Perempuan bergelar Dr kelahiran Jakarta, 8 Juni 1963 tersebut mengatakan, bila itu tidak dilakukan, isu Papua ini akan menjadi pekerjaan parsial, karena tidak ada tujuan yang sama. Disain besarnya, bagaimana membuat Papua itu lebih baik dari dua soal otonomi khusus dan bagaimana mengelola Papua sebagai daerah konflik. “Saya melihat banyak aspek harus diperhatikan.”
Kompleksitas aspek otsus dan konflik menurut dia, ada persoalan politik yang sangat luar biasa di Papua, juga ada konflik internal Papua. “Jadi, pengsuluan pemekaran itu tidak murni, dalam arti mensejahterakan warga Papua. Usul itu pasti dari elite,” kata dia.
Soal pertahanan dan keamanan, kalau misalnya Pemerintah Pusat merasa perlu untuk kepentingan strategis nasional, itu bisa terjadi juga. Namun, ini tetap harus dibicarakan dengan Papua, karena tidak bisa muncul begitu saja. Jadi, harus ada sinkronisasi dalam hal ini.

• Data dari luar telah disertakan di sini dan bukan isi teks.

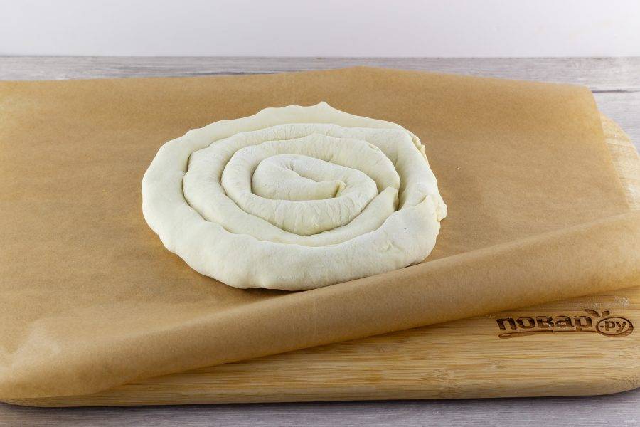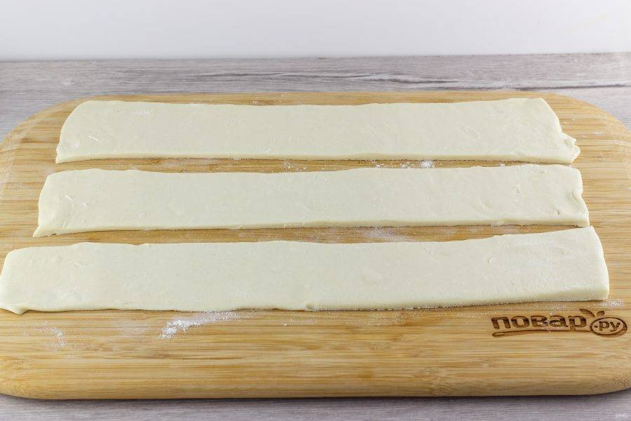 Тесто раскатайте в одну сторону, чтобы вытянулось примерно в 1,5-2 раза.

Adriana melihat juga ada aspek geografi terkait juga dengan Sumber Daya Alam (SDA) di Papua karena Pulau ini kaya akan SDA. Dari ujung kepala burung itu sampai ke perbatasan Papua Nugini, penuh dengan SDA yang sebagian besar belum digali.
Kalau dimekarkan, tentu saja Papua tidak bisa menjadi daerah tertutup, harus tersambung dengan daerah lain atau provinsi lain dengan pelabuhan. Jadi banyak sekali kerumitan yang di pertimbangkan dulu untuk hal itu bisa disetujui untuk dimekarkan.
“Terkait dengan kekayaan sumber daya alam di Papua itu, jangan-jangan memang sumber persoalan itu karena Papua kaya dengan sumber daya alam. Kalau tidak karena sumber daya alam, tidak akan serumit ini mengurus Papua,” demikian Dr Adriana Elisabeth.